The Zombies: Volumes One to Six Box Set
Page 101
New arrivals had a similar look. Their hair was washed and combed. Clothes were clean and unwrinkled. The men were shaven, or had facial hair well groomed; the women often wore cosmetics. Eyes were wide and terrified, moving back and forth rapidly. The smell of the hill rendered everyone green around the gills, and some grimaced when swallowing from throwing up. Kids were led by the hand. If they were remotely of a carrying size, then they were being carried. Clutched. Younger ones were crying and older ones were on the verge of it.
The forty new people were all different races and ages, and split evenly between the sexes. Most were in jeans or shorts, a few women were in skirts and two guys were in khakis and polo shirts. Another guy was in a bathrobe that was too small. Holding it shut with both hands, he stared at a body and stumbled in his flip-flops.

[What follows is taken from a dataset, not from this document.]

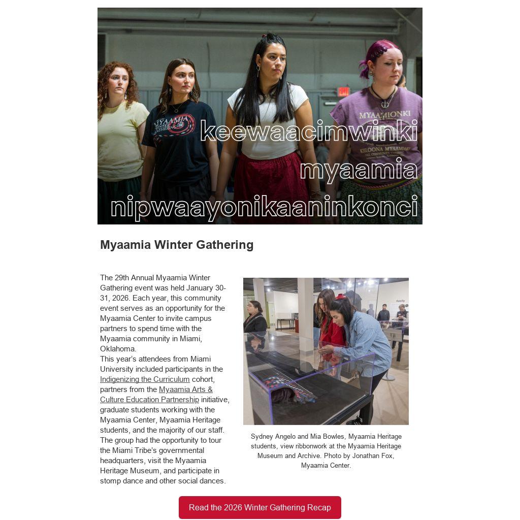 Keeping with these seasonal shifts, Myaamia Center staff opened up our siihsipaahkwikaani ‘sugar camp’ on campus by tapping ten trees. For the next three to four weeks, we’ll be harvesting sap and cooking it down to make maple syrup. Later in the spring, we’ll share the product of this work with our students at our annual waffles and syrup feast.

They walked closely together. The only one speaking was the loud guy. Finely dressed, he had a giant, low-hanging brow like a throwback to an earlier species of human. Incensed, he demanded the old-timers escorting the new party just who he spoke to around here. “I don’t have Sombra C! Neither do a few of the others!”
“That’s a lot of new people,” Austin mumbled. He and Micah were standing at the entrance to the lodge.
“This is going to be a problem,” Micah said.
Austin didn’t want a new problem. “You don’t know that.”
“Yes, I do.”
She was right. How did Micah know these things in advance? When she began to give the rules of the hill, the new people interrupted her incessantly. Was there a bathroom? A phone? Some were too freaked out to pay attention; others looked around her to see who was really in charge. A lot of eyes settled on Austin. Then they stared at the poles, which were dark on the ends where they’d been pushed through people.
The angry Neanderthal was Shawn Racitano, and he was the worst instigator of the interruptions. Micah wasn’t saying anything worth his time. Riding bossily over her voice, he explained that he had been running a harbor in the basement of his father’s defunct magazine company for the last three months. They’d been busted. He demanded to know who to speak with in order to leave. The raiders had just called those who didn’t have Sombra C zombie lovers and pushed them into the vans with everyone else. It was a punishment for being in a harbor and fighting when the place was taken down. But that wasn’t okay. He was a regular citizen, and he had rights. This was America.
He went on and on, having the curious expectation that someone was going to do something about it. Yeah, they’d get right on that, Austin thought sarcastically. Double time. Micah waited for him to finish complaining. That only encouraged him to keep going, convinced he had a captivated audience.
Then the other new people exploded at Neanderthal Shawn, a stamped guy pushing forward and shouting above all of them, “You guaranteed safety and security! That’s what I paid for and now we’re here! My wife and I are in a confinement point! What the fuck kind of security did you shell out for? A doorbell?”
“You were safe!” Shawn yelled. “Do you know how much it cost me a month for those guards? They didn’t come free-” A woman held the stamped man back when he came at Shawn with a fist, pleading for them not to fight here. Nervously, Elania edged closer to Corbin, who put his arm around her waist.
Five of them were having trouble in the sunlight. Two were women, one old and one young. Both had their hands crooked over their foreheads to block out the worst of the rays. Their stamps each read 31%. They looked panicked to be on the hill. Neither had come over to the lodge with a lurch, but Austin didn’t expect one at that number.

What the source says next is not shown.